Ulis Weg war direkt nach seiner Geburt 1957 vorgezeichnet: Frühesten Gesangsübungen im Treppenhaus (des schönen Halls wegen) folgten 1960 bis 1965 erste instrumentale Erfahrungen an Xylophon und Melodica. Dann kam der infektiöse Kontakt mit dem Rock’n’Roll: Deep Purple, Uriah Heep und Led Zeppelin führten zum unheilbaren Wunsch nach eigener musikalischer Aktivität.

Erwies sich die erste Band „Jamie” 1977 noch als Fünf-Monats-Fliege, so wurde „Challenger” ein Fünf-Jahres-Brummer; Uli übernahm hier bis 1983 erst die Lead Vocals und dann — man hat ja sonst nichts zu tun — auch noch die Sologitarre. Nur ein paar Wochen nach der Auflösung dieser Gelsenkirchener Hard-Rock-Band schnappte Uli sich das Mikrofon bei der Heavy-Metal-Gruppe „Lions Breed”, mit ihr wurde 1984 das Demotape „Neon City” und 1985 die LP „Damn The Night” eingespielt. Dann hatte es sich ausgespielt: Das Ende der Combo führte zu einer sechsjährigen Bühnenabstinenz, zwischen 1986 und 1992 tobte Uli sich im Duisburger „SC Sound Recording”-Studio aus und wirkte unter anderem an den Band- und Studioprojekten „Believer”, „Gambler” (CD: „Red On Blue”) und Sledge (CD: „Hot Legs”) mit.
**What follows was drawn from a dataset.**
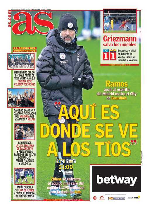 En todo caso poco o nada nos importa lo apuntando en líneas precedentes. Ni siquiera el coronavirus al que As dedica una columna entera de apocalipsis digno de Estallido en su primera plana. As sigue el manual llamando a la prudencia, el rigor y la calma. Periodismo de servicio público lo llaman. No se dan cuenta en la Ouija de que el titular escogido para presidir su portada es el que verdaderamente nos sugiere ajustarnos bien la mascarilla.

Nach einem 1992er Intermezzo als Sänger bei seiner ersten Cover-Band „Bourbon Street” übernahm er 1993 den vakanten Posten des Frontmanns bei der „Deep Purple”-Coverband „Double P”. Die Band erspielt sich regional einen guten Namen und im Studio ein Live-Demo, danach war wegen der berühmten „internen Differenzen” erst mal Sendepause.

Uli gründete 1997 das Acoustic-Cover-Projekt „2 Unplugged”, dessen Repertoire auf einem Demo und einer CD dokumentiert sind. Seit 2003 ist Uli als Gastarbeiter in und um Frankfurt tätig, er vertritt bei Terminproblemen den Leadsänger der dort ansässigen „Deep Purple”-Coverband „Cheap Turtle”.

Zu Beginn des Jahres 2005 ging Uli dann ein unbefristetes Bündnis mit IN STANT ein.